Where to even begin. He was always very contemptuous of anyone who cheated and also very conscious of his reputation as Mr. Perfect so, no, I didn’t believe he would cheat. Surprise, surprise, surprise. I didn’t think I would ever recover but I did and have a much happier life now. No one really wants to have to deal with divorce but sometimes it’s the best thing for you.


----------



## TXTrini (Oct 2, 2013)

The lies, especially that I hadn't wised up to it.

I knew something was off but couldn't imagine an affair. I actually asked my ex if he was gay with his best friend at one point bc I got a lot of BS excuses for why we were sexless, only to discover his affair a short time after.

I'd have let him go if he wanted out; I can't believe I put up with all the crap I did just to remain married to someone who didn't value commitment.


----------



## Sfort (Sep 28, 2019)

Megaforce said:


> Once I educated myself about the Cluster B personality disorders, things made sense. Not just the cheating but the lack of empathy and the sense of entitlement in just about every aspect of her life.


What are those disorders, and where is a good place to read about them?


----------



## Enigma32 (Jul 6, 2020)

A few things.

The lengths people will go to so they can cheat. My cheating ex used to keep 2 relationships going at once. She was with me on Facebook and saw me on a specific schedule, and she had another BF on Snapchat that she would see when I wasn't around. I remember thinking she possibly had some health problems that made her fatigued all the time but it was really because she would only allow herself 4 hours sleep each day so she had time to keep 2 relationships going. She also had at least one other guy she would see infrequently when she needed money or some work done. 

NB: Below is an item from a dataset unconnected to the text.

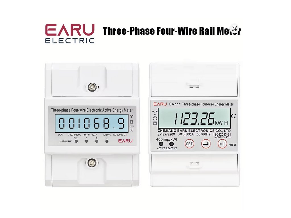 EA777 je třífázový digitální elektroměr s komunikací Modbus RTU (RS-485) určený pro měření spotřeby elektrické energie v sítích 3×230/400 V. Umožňuje měřit činnou energii (kWh) a základní elektrické veličiny: napětí, proud, výkon, účiník a frekvenci. Elektroměr je vhodný pro podružné měření, monitoring spotřeby a integraci do systémů řízení budov (BMS, Loxone, PLC).

They have a saying when it comes to pests like mice and roaches, when you see one, you have 100 in the walls. Cheating is like that too. If you catch your partner chatting inappropriately or something, that is the one rat you see outside, there will be another 100 instances that you don't see. If you catch something, always dig deeper. 

The last thing that comes to mind isn't quite something that surprises me but it's something I've noticed. I remember back in the day thinking that people always got away with poor behavior. That's because in the short term, they usually do. If someone cheats on you and the relationship ends, they will land softly right into another relationship while you sit around all lonely and depressed. On the long term though, those people won't stop being who they are. If they ruined a relationship with you, they will ruin the next one too. These people eventually end up alone because they destroyed every relationship they were ever in.


----------



## BoSlander (5 mo ago)

Marc878 said:


> So what are you doing with the truth?


We had the best night of our lives. The very next day I did a 180° turn and removed myself from any contact with her and two days after that I served her the divorce papers.

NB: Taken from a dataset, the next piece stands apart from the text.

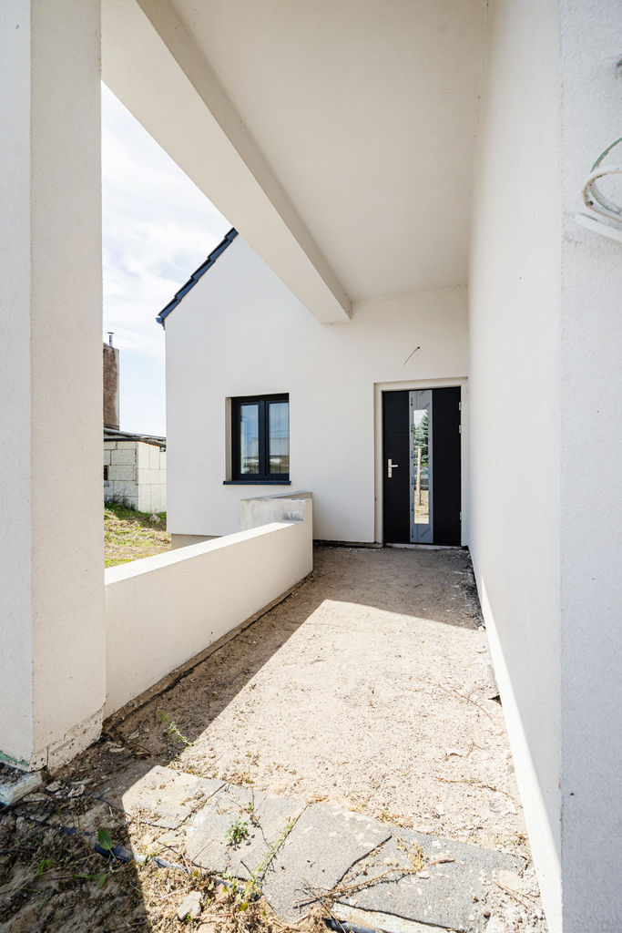 Dom wybudowany został z wysokiej jakości materiałów. Zastosowano trzyszybowe okna PCV z roletami zewnętrznymi oraz czujnikami alarmowymi, ściany wykonano z bloczków silikatowych i ocieplono styropianem grafitowym o grubości 20 cm, dach pokryty jest dachówką ceramiczną Roben, a poddasze przygotowane jest do docieplenia. Wnętrza wykończono tynkiem silikonowym, okna, rynny i dachówka są w kolorze antracytowym. Zainstalowano ogrzewanie podłogowe gazowe, które jest już uruchomione i działające, wykonano podłączenie do sieci kanalizacyjnej, rozprowadzono instalacje pod alarm, monitoring, domofon oraz bramę wjazdową. Garaż wyposażony jest w bramę automatyczną. Wykonana została instalacja deszczowa z możliwością zagospodarowania wody do podlewania ogrodu lub oczka wodnego.

Although if felt good at first to dunk on het face, I haven’t been able to shake off the disappointment. Meaning it wasn’t the “victory” I thought it was going to be.

I guess it’ll take time.


----------



## No Longer Lonely Husband (Nov 3, 2015)

colingrant said:


> 😂 😂 😂 😂 😂


POSOM was a piece of work. I quit being obsessed with getting even About four years ago On advice of my IC. POSOM has done himself in all by himself. Real piece of work. Learned he filed for bankruptcy three years ago,too. Melted my heart. Karma is real.


----------



## PieceOfSky (Apr 7, 2013)

a


Sfort said:


> What are those disorders, and where is a good place to read about them?








Different Types — Out of the FOG


of Personality Disorders




outofthefog.website


----------



## Butforthegrace (Oct 6, 2021)

MattMatt said:


> What caught me by surprise when I got cheated on?
> 
> The physical pain in my chest. It felt like someone had dropped an anvil on my chest.

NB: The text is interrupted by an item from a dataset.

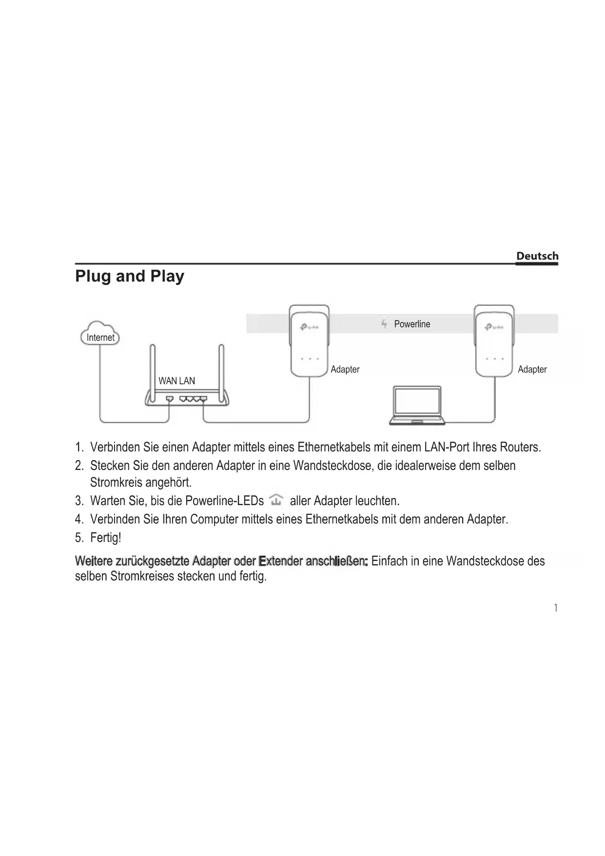 Weitere zurückgesetzte Adapter oder Extender anschließen: Einfach in eine Wandsteckdose des selben Stromkreises stecken und fertig. Internet WAN LAN Adapter Adapter PowerlineDeutsch

Same with me. Actual physical pain. "Hmm, now I know what they mean by heartache"


----------



## bobert (Nov 22, 2018)

That she was capable of doing it. I didn't think she could ever do that because of past trauma and how many issues we had in the sex department.

That I accused her of cheating 8 years prior, was made out to be the bad guy, and was right all along.

That our entire marriage was a lie.

That I had been with her since we were 17 and we were best friends before that, and yet I had no clue what the hell I was married to.

The amount of lies told and the ****ed up lengths she went to in order to maintain and cover up the affairs. Crying rape when she got knocked up by someone else, lying in court about it, lying to therapists about it, spending years and 10's of thousands of dollars in court in an attempt to keep the "rapist" away from the child, putting me through the hell of dealing with the guy who I thought raped, knocked up, and beat the **** out of my wife because she didn't want to see him, making me believe I was raising a "rape baby". Being able to put me through all of that hell instead of just leaving or owning up to being a ****.

That the trickle truth could keep getting worse and worse and how ****ing awful that feels every time. 

The mental agony and physical pain when discovering **** like that...

That she was banging two steroid-using gym rats.

That she was letting herself be some pricks sex toy and doing all sorts of things she'd never do with me. 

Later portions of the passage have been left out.